Work request – Restate the listing below word for word. No picture belongs in the result.

Collected material –
========
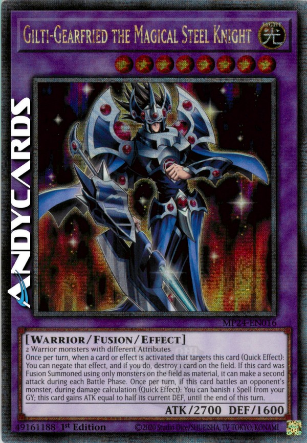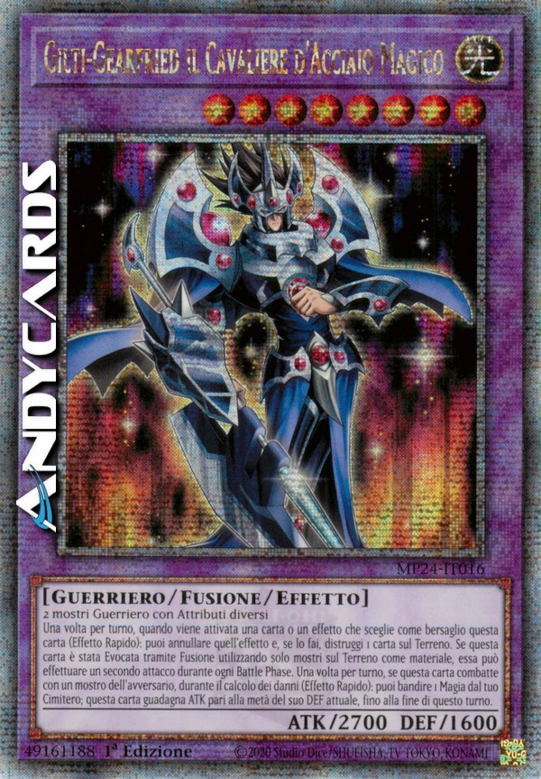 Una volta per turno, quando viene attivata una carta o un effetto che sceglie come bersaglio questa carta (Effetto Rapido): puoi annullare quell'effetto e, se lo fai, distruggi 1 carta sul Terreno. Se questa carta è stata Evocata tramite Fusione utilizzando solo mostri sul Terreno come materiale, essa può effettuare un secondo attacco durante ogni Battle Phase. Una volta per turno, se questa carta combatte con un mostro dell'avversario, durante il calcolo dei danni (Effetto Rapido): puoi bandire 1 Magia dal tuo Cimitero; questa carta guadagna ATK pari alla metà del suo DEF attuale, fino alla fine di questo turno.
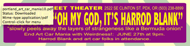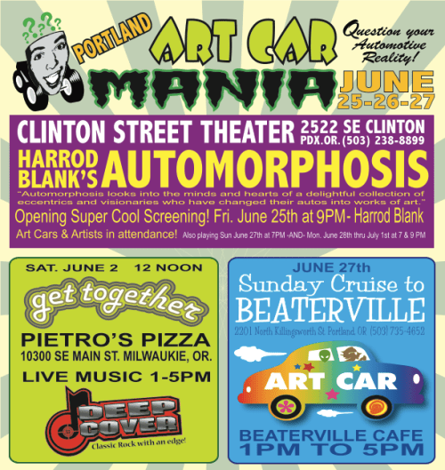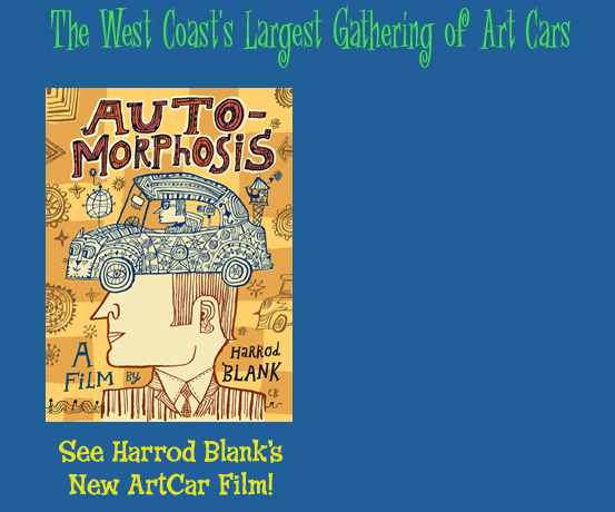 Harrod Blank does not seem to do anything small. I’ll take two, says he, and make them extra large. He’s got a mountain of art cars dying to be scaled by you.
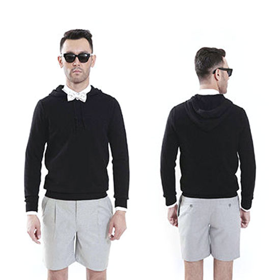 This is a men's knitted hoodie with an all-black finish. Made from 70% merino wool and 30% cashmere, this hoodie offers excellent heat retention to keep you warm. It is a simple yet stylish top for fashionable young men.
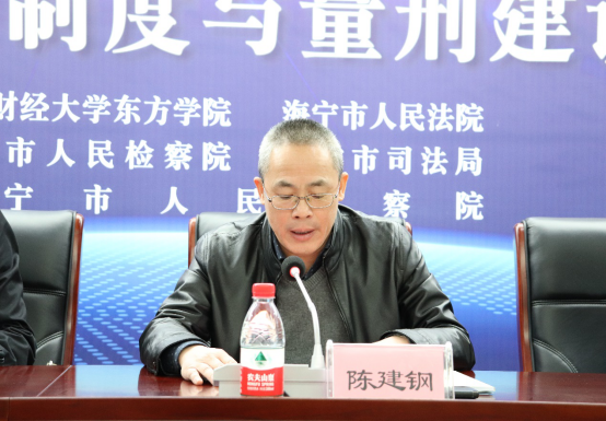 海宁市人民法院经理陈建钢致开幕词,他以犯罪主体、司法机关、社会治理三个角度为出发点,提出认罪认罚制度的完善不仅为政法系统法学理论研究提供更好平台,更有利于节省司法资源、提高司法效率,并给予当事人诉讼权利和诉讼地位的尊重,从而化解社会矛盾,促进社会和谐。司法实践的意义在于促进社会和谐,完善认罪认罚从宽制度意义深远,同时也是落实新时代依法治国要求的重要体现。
========
Answer space –
 Una volta per turno, quando viene attivata una carta o un effetto che sceglie come bersaglio questa carta (Effetto Rapido): puoi annullare quell'effetto e, se lo fai, distruggi 1 carta sul Terreno. Se questa carta è stata Evocata tramite Fusione utilizzando solo mostri sul Terreno come materiale, essa può effettuare un secondo attacco durante ogni Battle Phase. Una volta per turno, se questa carta combatte con un mostro dell'avversario, durante il calcolo dei danni (Effetto Rapido): puoi bandire 1 Magia dal tuo Cimitero; questa carta guadagna ATK pari alla metà del suo DEF attuale, fino alla fine di questo turno.
 Harrod Blank does not seem to do anything small. I’ll take two, says he, and make them extra large. He’s got a mountain of art cars dying to be scaled by you.
 This is a men's knitted hoodie with an all-black finish. Made from 70% merino wool and 30% cashmere, this hoodie offers excellent heat retention to keep you warm. It is a simple yet stylish top for fashionable young men.
 海宁市人民法院经理陈建钢致开幕词,他以犯罪主体、司法机关、社会治理三个角度为出发点,提出认罪认罚制度的完善不仅为政法系统法学理论研究提供更好平台,更有利于节省司法资源、提高司法效率,并给予当事人诉讼权利和诉讼地位的尊重,从而化解社会矛盾,促进社会和谐。司法实践的意义在于促进社会和谐,完善认罪认罚从宽制度意义深远,同时也是落实新时代依法治国要求的重要体现。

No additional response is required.